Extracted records
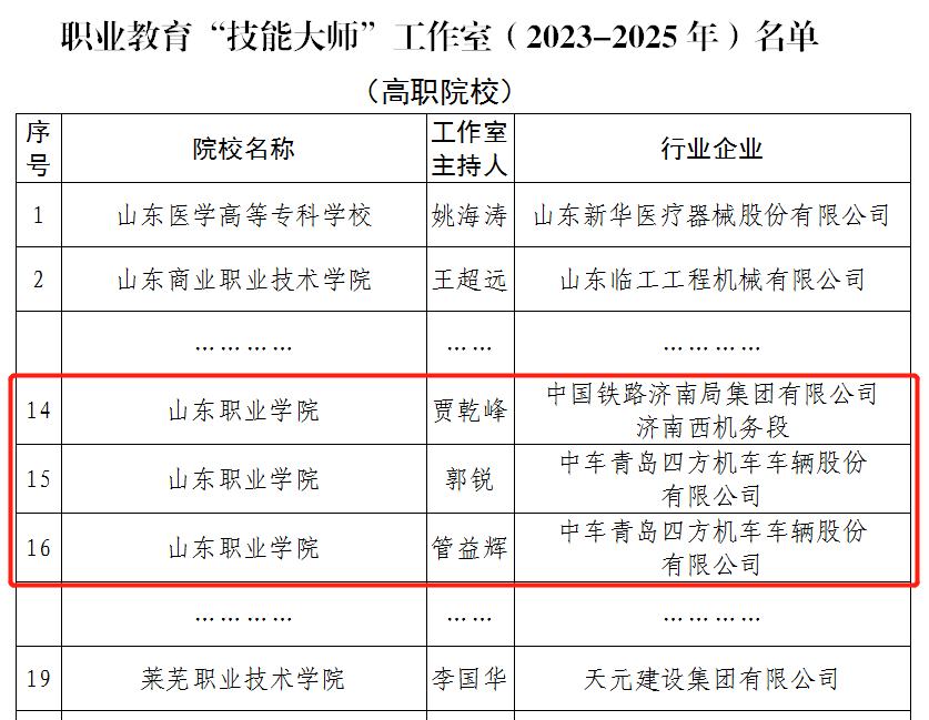 近日,山東省教育廳發布《關于職業教育“技能大師”工作室(2023-2025年)名單公示》,我校聯合中國鐵路濟南局集團有限公司濟南西機務段技能大師賈乾峰、聯合中車青島四方機車車輛股份有限公司技能大師郭銳和管益輝申報的3個工作室均獲批立項山東省職業教育“技能大師”工作室。
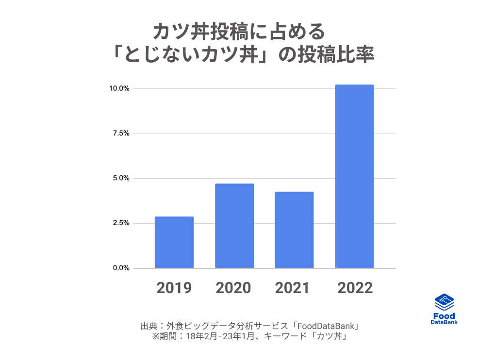 実際に各年のカツ丼投稿に占める「とじないカツ丼」の投稿比率に着目してみると2022年に伸長していることが分かります。
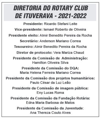 A nova Diretoria do Rotary Club de Ituverava, referente ao ano Rotário 2021/2022 já está empossada e atuando plenamente na comunidade, onde o clube de serviços presta relevantes serviços. O novo presidente do tradicional e importante clube é o consultor de vendas da empresa Motozema de Ituverava, Ricardo Stefani Leite, filho de Roberto Antônio Leite (in memoriam) e Luzia Terezinha Stefani Leite (in memoriam).
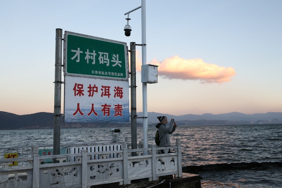 12月11日,大理才村码头,游客在拍摄黄昏时的苍山洱海景色。(中国日报记者 武晓慧 摄)
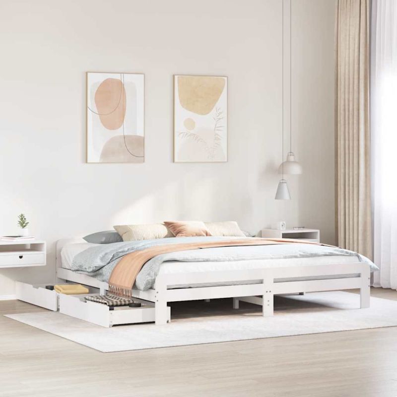 Осигурете си по-добър спокоен нощен сън с тази рамка за легло! Тя представлява приветливо допълнение към всяка спалня. Стабилна и дълготрайна рамка: Масивната борова дървесина е известна със своята здравина и издръжливост. Нейните прави зърна и отличителни възли допринасят за рустик чара ѝ.Решетъчна основа за оптимална опора: Рамката на леглото е оборудвана с решетъчна основа за опора и дишане на вашия матрак.Използвайте пълноценно пространството: Тази основа за легло разполага с две чекмеджета отдолу, осигуряващи съхранение на предмети като допълнително спално бельо, сезонни дрехи и играчки.Гъвкава табла: Тази рамка за легло се предлага с табла, която осигурява отлична опора за гърба, когато седите в леглото, за да четете или гледате телевизия, като същевременно служи и като декоративен елемент.Маневреност без усилие: Това чекмедже за съхранение под леглото разполага с четири колелца, осигуряващи плавна и лесна маневреност за плъзгане и изваждане под леглото ви. Добре е да се знае:Към това легло не е включен матрак. Ние предлагаме разнообразна селекция от матраци. Можете да проверите нашия магазин за подходящ матрак.
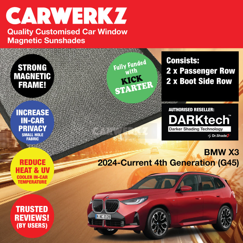 Dr Shadez DARKtech BMW X3 2024-Current 4th Generation (G45) Customised Germany Luxury Mid size SUV Window Magnetic Sunshades Side Windows
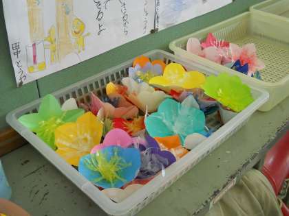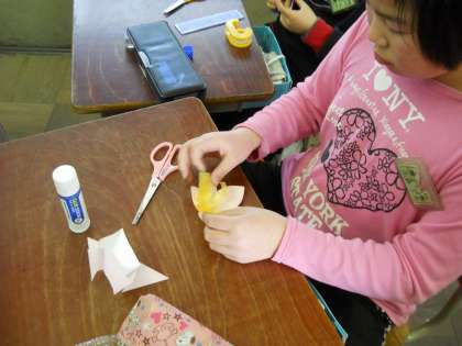 折り紙の花びらに,タフロープを細かく刻んだおしべをつけて完成!
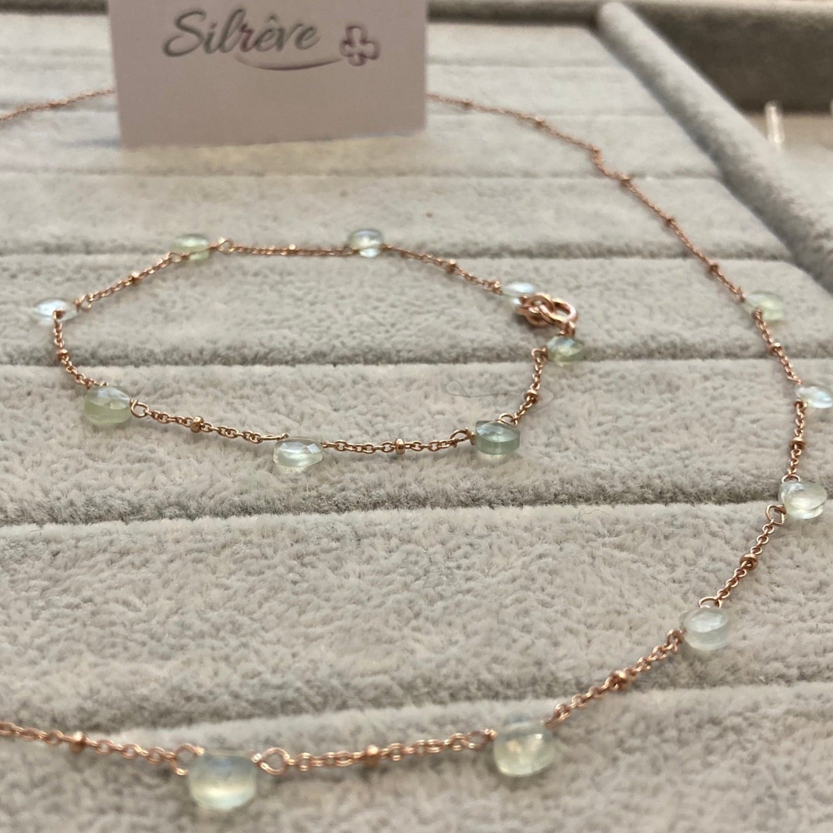 'Nodo orefice' chain bracelet made with 0.4 mm 925 silver wire, embellished with small 0.3 cm colored crystals.

__What is required__.
Extract, word for word, each line from the top of the data down to and including the line with "12月11日,大理才村码头,游客在拍摄黄昏时的苍山洱海景色。(中国日报记者 武晓慧 摄)"; skip the pictures.

__Solved problem__.
 近日,山東省教育廳發布《關于職業教育“技能大師”工作室(2023-2025年)名單公示》,我校聯合中國鐵路濟南局集團有限公司濟南西機務段技能大師賈乾峰、聯合中車青島四方機車車輛股份有限公司技能大師郭銳和管益輝申報的3個工作室均獲批立項山東省職業教育“技能大師”工作室。
 実際に各年のカツ丼投稿に占める「とじないカツ丼」の投稿比率に着目してみると2022年に伸長していることが分かります。
 A nova Diretoria do Rotary Club de Ituverava, referente ao ano Rotário 2021/2022 já está empossada e atuando plenamente na comunidade, onde o clube de serviços presta relevantes serviços. O novo presidente do tradicional e importante clube é o consultor de vendas da empresa Motozema de Ituverava, Ricardo Stefani Leite, filho de Roberto Antônio Leite (in memoriam) e Luzia Terezinha Stefani Leite (in memoriam).
 12月11日,大理才村码头,游客在拍摄黄昏时的苍山洱海景色。(中国日报记者 武晓慧 摄)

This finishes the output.